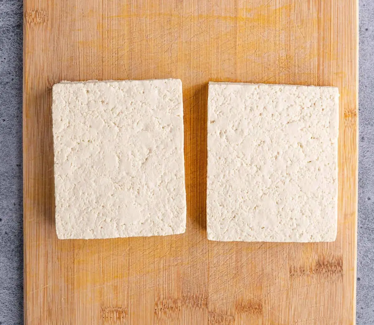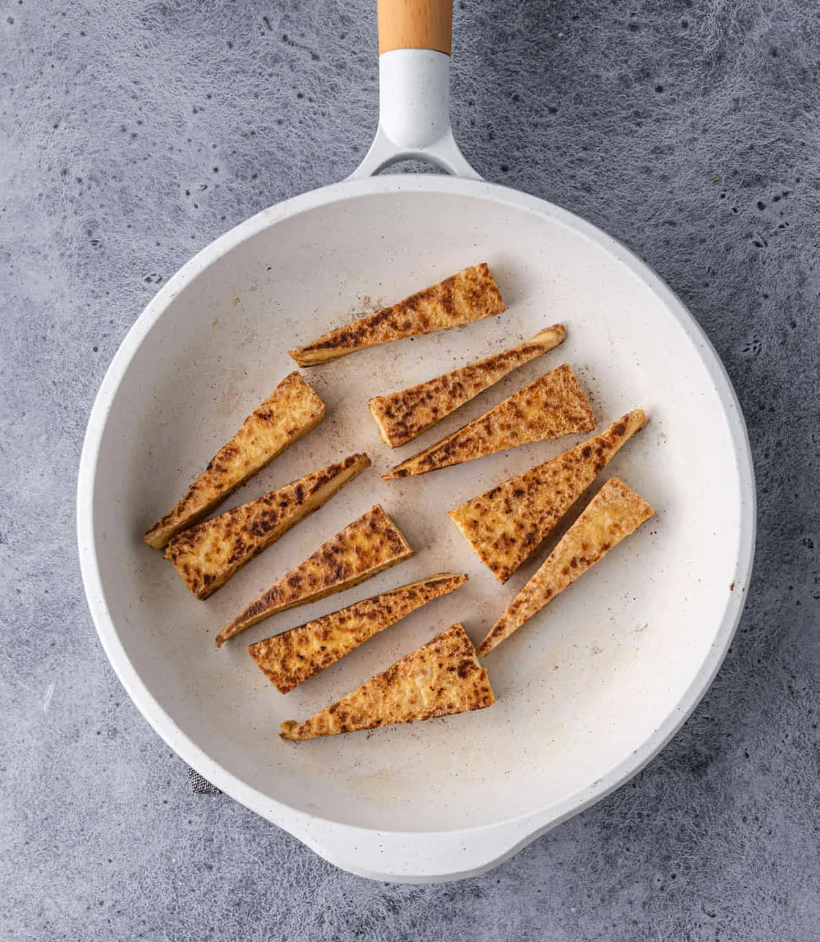 Get a frying pan with olive oil hot before carefully placing your tofu flat on the pan to fry. Allow your tofu to cook until golden brown on both sides — usually about 2 minutes on each side.
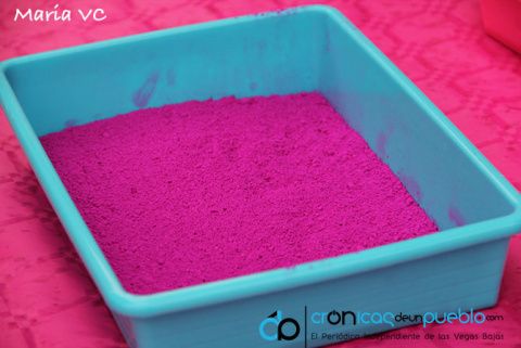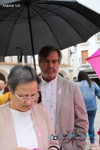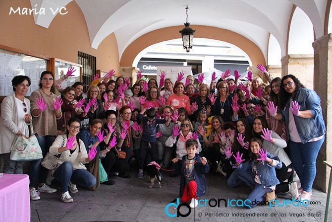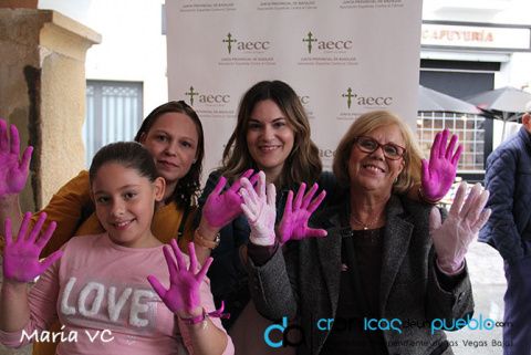 El acto se realizó en los soportales del Ayuntamiento de Montijo debido a la lluvia, y finalizó con las manos de los asistentes teñidas de rosa.
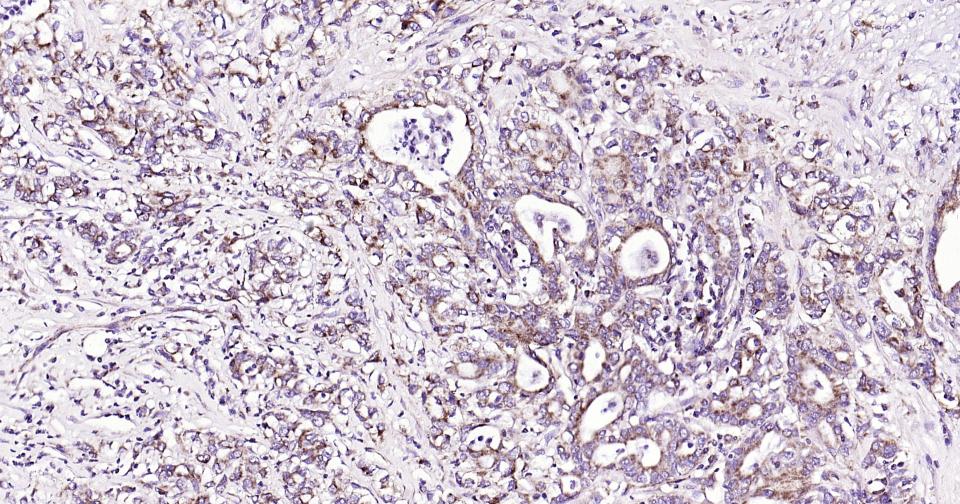 Paraformaldehyde-fixed, paraffin embedded Human Pancreatic Cancer; Antigen retrieval by boiling in sodium citrate buffer (pH6.0) for 15 min; Antibody incubation with Bak Monoclonal Antibody, Unconjugated(bsm-61174R) at 1:200 overnight at 4°C, followed by conjugation to the SP Kit  (Rabbit, SP-0023)  and DAB (C-0010) staining.

::::::::

The job here is to retype the data exactly, with no pictures included.

*Response box*:
 Get a frying pan with olive oil hot before carefully placing your tofu flat on the pan to fry. Allow your tofu to cook until golden brown on both sides — usually about 2 minutes on each side.
 El acto se realizó en los soportales del Ayuntamiento de Montijo debido a la lluvia, y finalizó con las manos de los asistentes teñidas de rosa.
 Paraformaldehyde-fixed, paraffin embedded Human Pancreatic Cancer; Antigen retrieval by boiling in sodium citrate buffer (pH6.0) for 15 min; Antibody incubation with Bak Monoclonal Antibody, Unconjugated(bsm-61174R) at 1:200 overnight at 4°C, followed by conjugation to the SP Kit  (Rabbit, SP-0023)  and DAB (C-0010) staining.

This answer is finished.